I’ve already discussed the first problem. We must get rid of the cronyism embedded in the tax code—or at least a big chunk of it—and just cutting rates will keep everything intact. This is why the corporate cronies are pushing the idea of kicking the tax reform can down the road. They benefit from the current system at taxpayer expense and they don’t want reform anyway.

Real reform and tax simplification means cutting social engineering from the tax code. Social engineering uses tax funds to promote or discourage certain types of business activity. The winners from the current system don’t want it to change. They usually claim to favor tax reform and simplification while adding a quick “but” that exempts them from the actual change.

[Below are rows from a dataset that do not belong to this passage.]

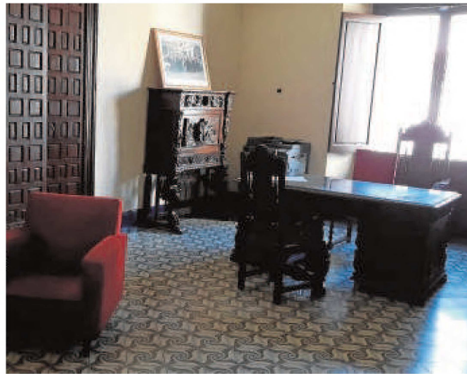
Dependencias del Colegio de Abogados en los juzgados de Écija

Los dos principales déficits detectados en este análisis son los que se arrastran desde hace largo tiempo: los retrasos acumulados en la instrucción y enjuiciamiento de las causas y las obsoletas instalaciones que acogen en la mayoría de los pueblos cabezas de partidos los juzgados. Pero a estas carencias hay que sumar algunas otras como la accesibilidad de estos viejos edificios, muchos de ellos con dos plan-
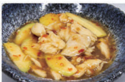
83. POLLO ALLA MALESIA € 7,00
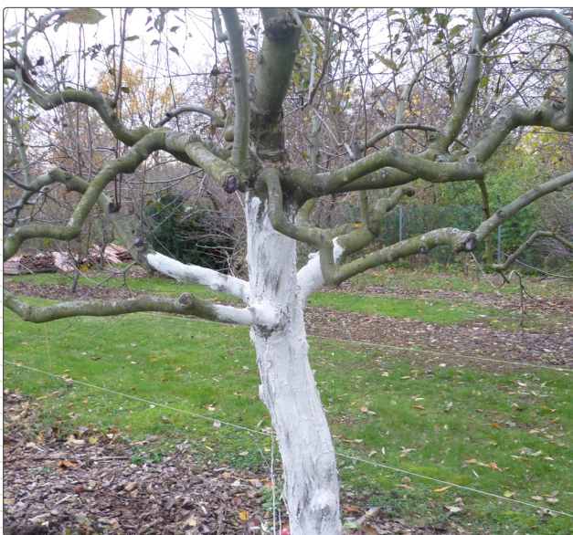
Abbildung 3 Kalken von Obstgehölzen im Winter
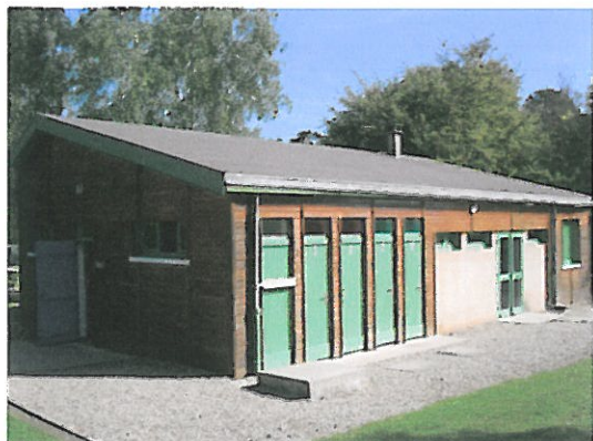
Vue façade étang comprenant une porte D'accès aux urinoirs et 4 cabines de WC au fond l'accès par porte vitrée double aux Cabines de douches
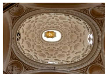
F. Borromini, cupola ellittica della chiesa di S. Carlo alle Quattro Fontane, Roma
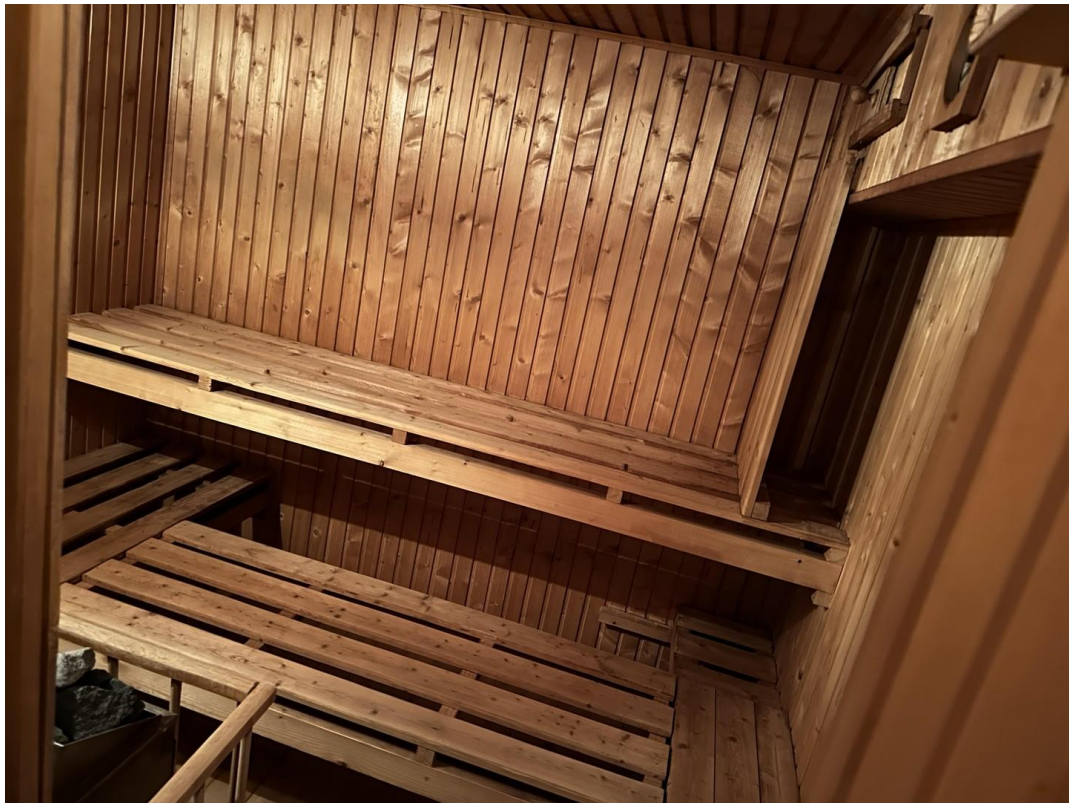
Sauna im Keller
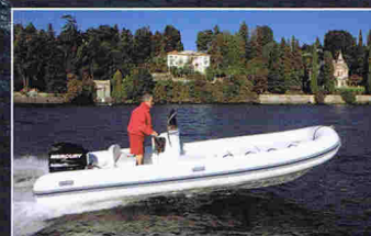
BLACK FIN 585
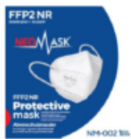
NM-002, Farbe weiß EAN-Code: 4251719902680
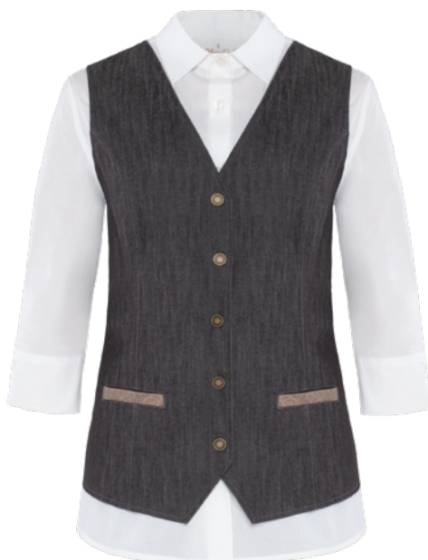
J32 Jeans nero
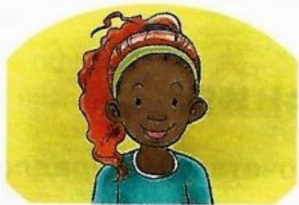
笑 ② xiào
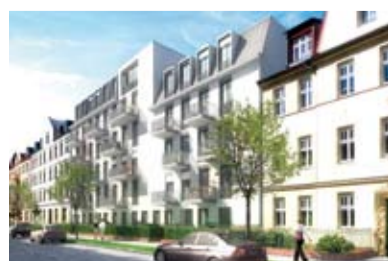
Siemensstraße in Potsdam

raum im Passivhausstandard. Die Neugestaltung der Außenanlagen tragen dabei wesentlich zur Wertsteigerung des Objektes bei und erhöhen die Wohn- und Lebensqualität der Bewohner.
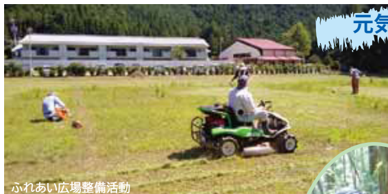
ふれあい広場整備活動

皆さんの使っているチェーンソーオイルは、植物性ですか？鉱物性ですか？植物性のチェーンソーオイルは生分解性で、環境にやさしいオイルです。植物性オイルを含んだおが粉は、堆肥になるので、畑などに利用することができます。チェーンソーアートクラブでは、クラブ設立当初から環境のことを考え、植物性のチェーンソーオイルを使用しています。そしてそのオイルの原料となる使用済み天ぷら油を回収してチェーンソーオイルにリサイクルする活動を、昨年5月のチェーンソーアート大会でも行いました。今年度は、その活動を町内でも推進するため、使用済み天ぷら油の回収活動を行うことにしました。皆さん、ぜひご協力をお願いします。●問合せ・チェーンソーアートクラブ東栄 ☎76・1199

The second problem is a political one. Individual tax cuts almost always favor lower- and middle-income brackets for political reasons; politicians don’t want to defend “tax breaks for the rich.” Likewise, tax hikes usually hit middle- and upper-income earners for the same reason. Over time, tax cuts and increases shift the tax burden disproportionately to middle and high earners. This has already happened, which is why about half of wage earners don’t even pay federal taxes and they don’t understand why their healthcare can’t be financed by those who do. The tax cut tax/hike cycle must be broken, and this requires a radically simple system, something close to a flat tax.

For these reasons, I implore real conservatives and libertarians to stand their ground and insist on real tax reform. Short cuts just won’t do.